Privacy-Preserving Text Sanitization for Distributed Agents Collaboration via Disentangled Representations
Summary
DiSan (Disentangled Sanitization) is a new privacy-preserving text sanitization framework designed for multi-agent collaboration, integrated into Intern-Shannon. It addresses privacy leakage beyond explicit identifiers, tackling distributional signatures like formatting and vocabulary choices when distributed agents exchange text across organizational boundaries. DiSan utilizes a two-stream encoder to factorize text into a source-invariant role subspace, preserving task semantics, and a source-identifying style subspace that remains local. The framework employs federated proto-type alignment and adversarial regularization, enabling joint training without centralizing raw text. Experimental results demonstrate that simple identifier-level masking, even at 19.2% of tokens, only reduces TF-IDF stylometric attribution by 18.6%. In contrast, DiSan reduces answer-level PII exposure by 20 times while maintaining 83% answer faithfulness on a distributed multi-agent RAG benchmark, and lowers Enron stylometric attribution by 73.2% under TF-IDF and 70.6% under a neural probe.
Key takeaway
For AI Security Engineers designing multi-agent collaboration systems, relying solely on identifier masking for text privacy is inadequate. You should consider advanced sanitization frameworks like DiSan that disentangle stylistic and semantic information. Implementing such a system can significantly reduce answer-level PII exposure by 20 times while maintaining high task faithfulness (83%) in distributed RAG benchmarks, offering robust privacy beyond simple redaction.
Key insights
Privacy leakage in multi-agent text collaboration extends beyond explicit identifiers to stylistic patterns, necessitating disentangled sanitization.
Principles
- Privacy leakage includes distributional signatures.

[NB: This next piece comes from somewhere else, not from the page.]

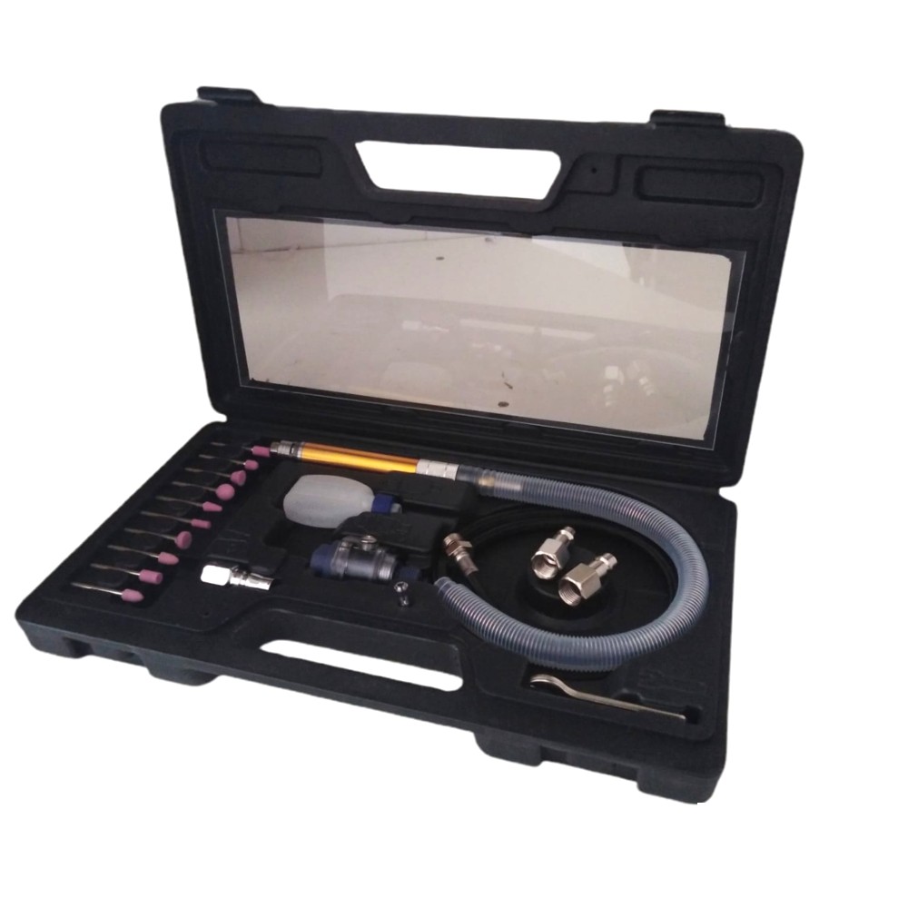 Set Mini smerigliatrice pneumatica ad aria compressa con accessori.

- Disentangling style from semantics is key.
- Federated learning enables privacy-preserving training.
Method
DiSan employs a two-stream encoder to factorize text into source-invariant role and source-identifying style subspaces. Federated proto-type alignment and adversarial regularization enable joint training without centralizing raw text.
In practice
- Identifier masking is insufficient for privacy.
- DiSan reduces PII exposure 20x in RAG.
- Achieves 83% answer faithfulness post-sanitization.
Topics
- Privacy-Preserving AI
- Text Sanitization
- Distributed Agents
- Disentangled Representations
- Federated Learning
- PII Exposure
Best for: Research Scientist, CTO, VP of Engineering/Data, AI Scientist, AI Security Engineer, NLP Engineer
Related on AIssential
Editorial summary, takeaway, and curation by AIssential. Original article published by Artificial Intelligence.